Los títulos que rodó en los 80 son: Sadomanía: el infierno de la pasión, Sinfonía erótica (1980), El caníbal, Colegialas violadas, Aberraciones sexuales de una mujer casada (1981), Las orgías inconfesables de Emmanuelle (1982), La noche de los sexos abiertos, Sangre en mis zapatos, Gemidos de placer, La tumba de los muertos vivientes, Botas negras látigo de cuero, La casa de las mujeres perdidas, El hotel de los ligues, Macumba sexual (1983), Voces de muerte, Historia sexual de O (1984), La mansión de los muertos vivientes, La esclava blanca (1985), Las tribulaciones de un Buda bizco, Las amazonas del templo de oro (1986), El lago de las vírgenes (1987), Los depredadores de la noches (1988), Una canción por Berlín y La bahía esmeralda (1989).

La producción de Jesús Franco decae en los años 90 pero sigue rodando con relativa asiduidad.
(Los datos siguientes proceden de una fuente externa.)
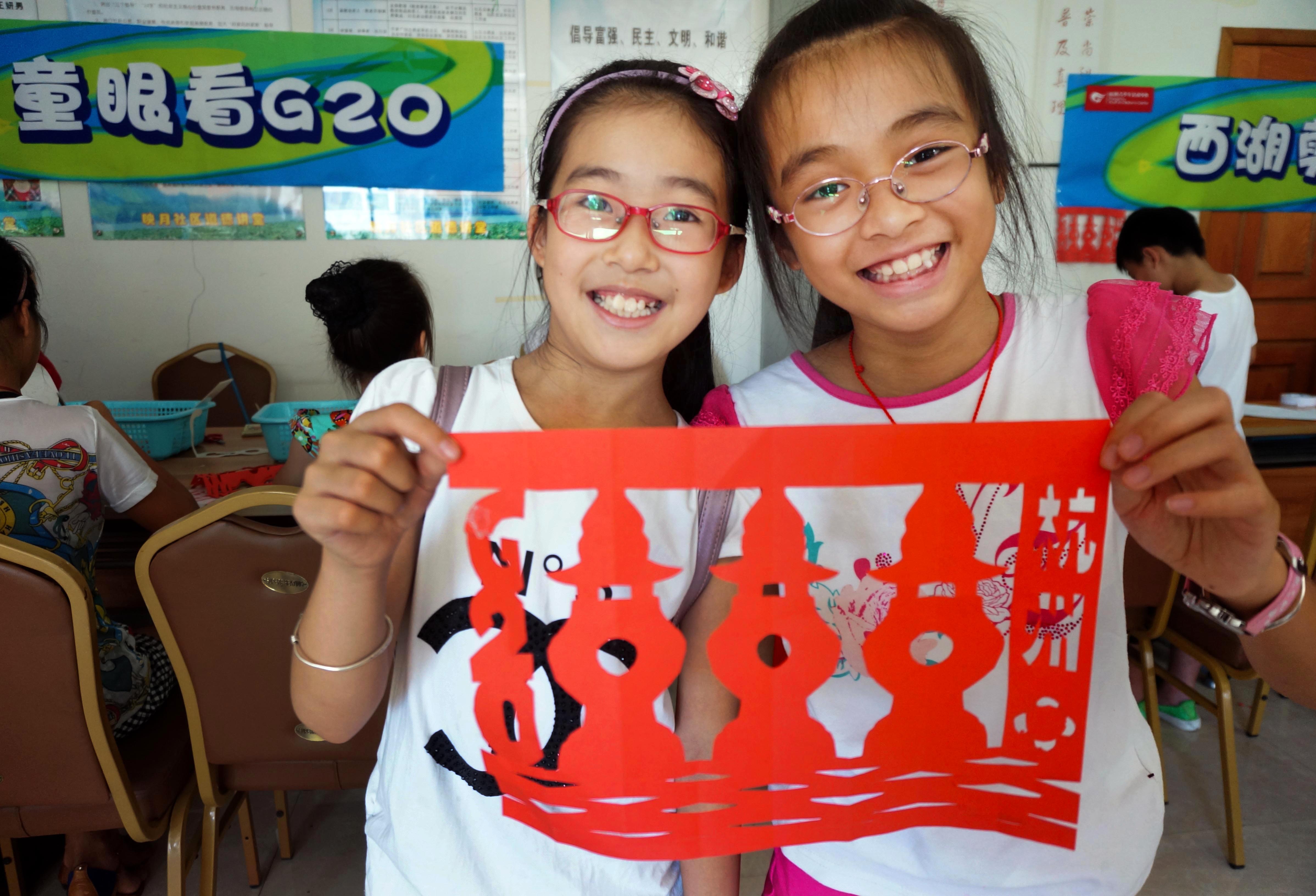 兩位小朋友拿起剪好G20·西湖三潭印月剪紙,開心不已。

Don Quijote de Orson Welles (1992) es una película en la que actúa el mismísimo director de Ciudadano Kane (1941) y al que Franco considera un genio y uno de los pocos humanistas del cine.

Sus siguientes trabajos son Ciudad Baja (1994), Carne fresca (1997), Maricookie y la tarántula asesina, Lady Frankenstein (1998), Seda roja, El intento virtual del doctor Wong, Los blues del vampiro (1999) y Objetivo a ciegas (2000). De entre ellas destaca Killer Barbys (1996), rodada en la que ya era su ciudad de residencia, Torremolinos (Málaga). Ese año la ciudad estadounidense de Nueva York le concedió un premio por su trayectoria fílmica y produjo, además, un videoclip censurado para el grupo musical Los Planetas. Es también la etapa en la que empieza a ser reconocido y homenajeado por los cinéfilos españoles.
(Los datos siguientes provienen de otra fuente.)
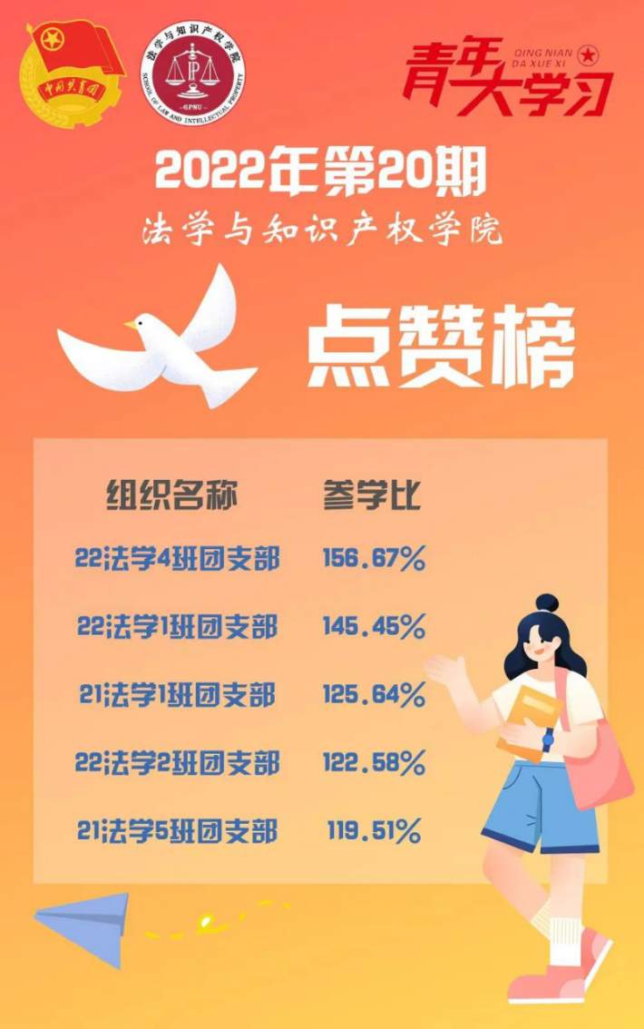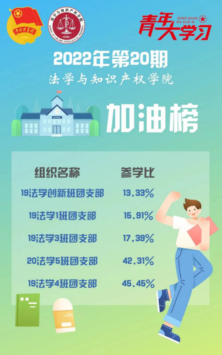 从各基层组织本周的课程学习情况来看,我院22级法学1班、2班、4班团支部,21级法学1班、5班团支部的参学情况优异,是各团支部优秀的学习榜样!

En 2000 se editó un vídeo y un DVD con las producciones dirigidas por Jesús Franco entre 1996 y 2000. Ese año dirigió Objetivo a ciegas y, al año siguiente, Incubus (2002).
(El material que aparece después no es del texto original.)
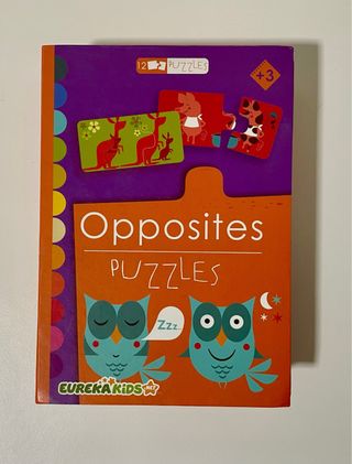 Set de 12 puzzles de Opposites de Eureka Kids, ideal para niños a partir de 3 años. Fomenta el aprendizaje de conceptos opuestos de forma divertida. - 12 puzzles de doble cara. - Diseños coloridos con animales. - Fomenta la coordinación mano-ojo. - En perfecto estado.

En una entrevista concedida en 2002, el cineasta madrileño confesaba que “nadie es profeta en su tierra” y considera que España nunca le ha dado nada, que sus películas son extranjeras, ya que es en Estados Unidos donde su carrera fílmica es reconocida. Dada la situación del cine español durante la dictadura y la transición españolas, Jesús Franco sabía que si se hubiese quedado en su país natal, no habría filmado ni la mitad de las películas de las que es autor. Además, la proliferación de su trabajo es debido al organizado sistema de producción de los grandes estudios norteamericanos.

Considerado por el Vaticano, y orgulloso de ello, como uno de los directores más peligrosos del cine mundial junto a Luis Buñuel, publicó en 2004 Memorias del tío Jess, considerado por el propio autor no como una biografía, sino como un relato donde cuenta lo que vivió entre el Franquismo y el cambio democrático. Dice estar interesado por cineastas como su ya fallecido sobrino Ricardo Franco y por otros, como el que fue su ayudante Emilio Martínez Lázaro. En cambio, no le atrae nada el cine de José Luis Garci, ya que considera que está marcado por lo que se debe hacer.

Sus trabajos más recientes son las coproducciones hispano–germanas Flores de perversión y Flores de la pasión (2005), y Mujer–serpiente (2005). El que se considera a sí mismo como “el Manolo Escobar del cine español”, colabora en la actualidad con la revista Cinemanía.